The susceptibility tests were carried out using the WHO test kits for adult mosquitoes (WHO, 1998, 2016). Test papers impregnated with the WHO-recommended discriminating dosage of 0.75% permethrin were used because alphacypermethrin and deltamethrin test papers (which would match the net insecticides) were not available. The quality of the test papers was checked against a laboratory susceptible An. gambiae Kisumu strain. Wild mosquitoes used in the tests were F1 of adults An. funestus and An. gambiae (s.l.) collected from the untreated experimental huts during and just after this trial. For each test, batches of 15–20 adult females were aspirated from paper cups and transferred into the holding tubes where they were held for 1 h before testing in exposure tubes lined with the test papers. Mosquitoes were exposed for 1 h and the number of mosquitoes knocked down was recorded after 60 min. At the end of exposure period mosquitoes were transferred into holding tubes (lined with untreated papers) and provided with cotton pad soaked in 10% sugar placed on top of the holding tube. Mortality was scored 24 h post-exposure and each test was replicated depending on the number of mosquitoes collected. WHO permethrin and deltamethrin-treated papers at 5× and 10× of the discriminating concentrations were also tested to assess higher intensity of resistance for An. gambiae (s.l.) and An. funestus.

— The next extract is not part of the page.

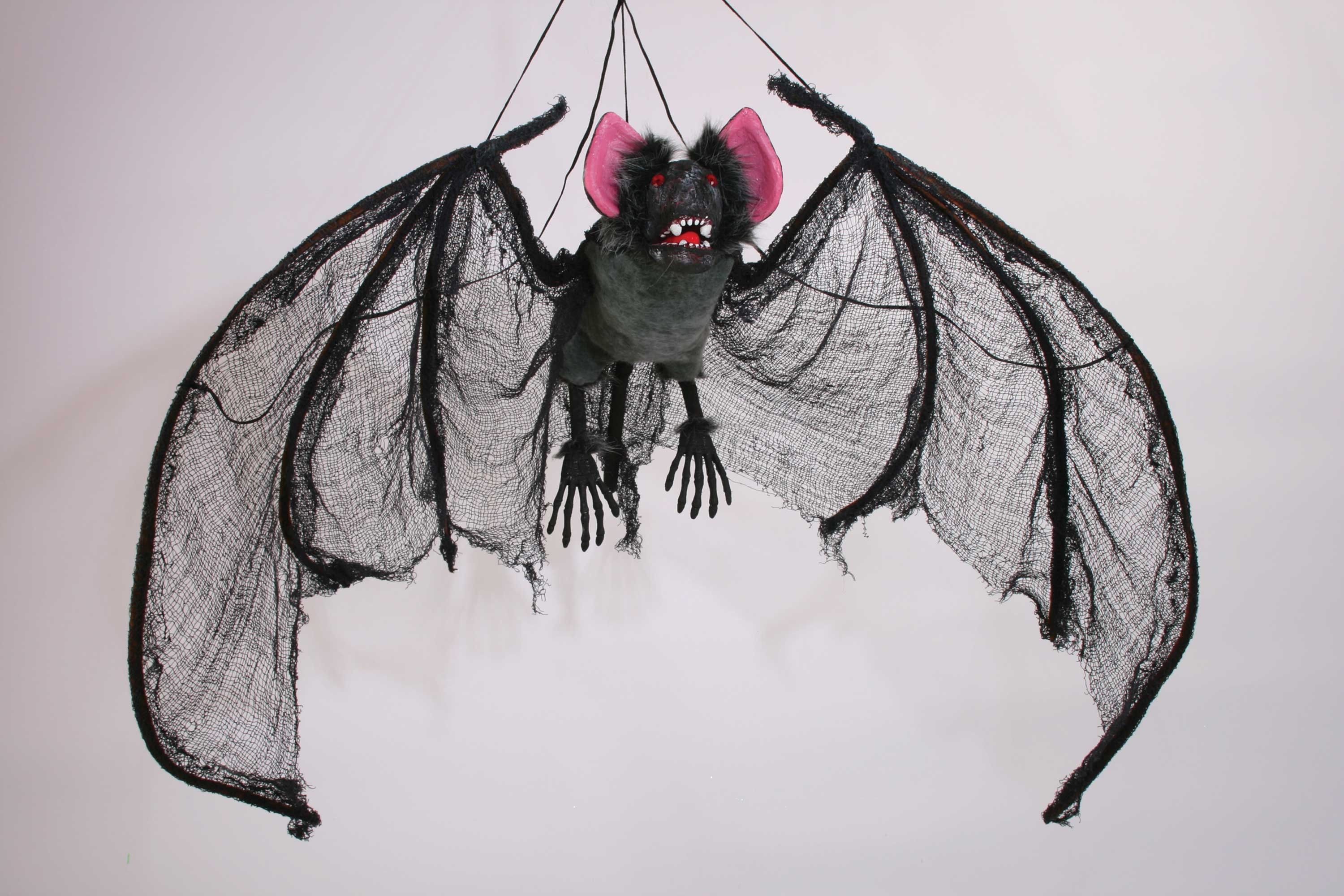 Огромная летучая мышь - это подвесная фигура, достигающая в размерах 180 см. Такую мышь вы можете повесить около входа и в любом другом месте на Хэллоуин. У мышки широко раскинуты крылья и виднеются клыки. Пришедшие к вам гости, будут жутко напуганы при виде этой огромной летучей мыши.

Experimental huts field study

Washed and unwashed candidate LLINs were evaluated using 6 East African experimental huts for their effects on wild An. funestus (s.s.) mosquitoes and for their ability to deter entry, drive mosquitoes out of houses, induce mortality and inhibit blood-feeding (WHO, 1998, 2013, 2016). Other mosquito species were also collected but numbers were too few for statistical analysis. Before testing in the experimental huts, preliminary catches (without any treatment) were performed for 4 nights to ensure the field team was fully versed in collection procedures.

The following 6 treatment arms were compared: (i) unwashed Veeralin; (ii) unwashed PermaNet 3.0; (iii) unwashed DuraNet LLIN; (iv) Veeralin washed 20 times; (v) PermaNet 3.0 washed 20 times; and (vi) untreated polyester net.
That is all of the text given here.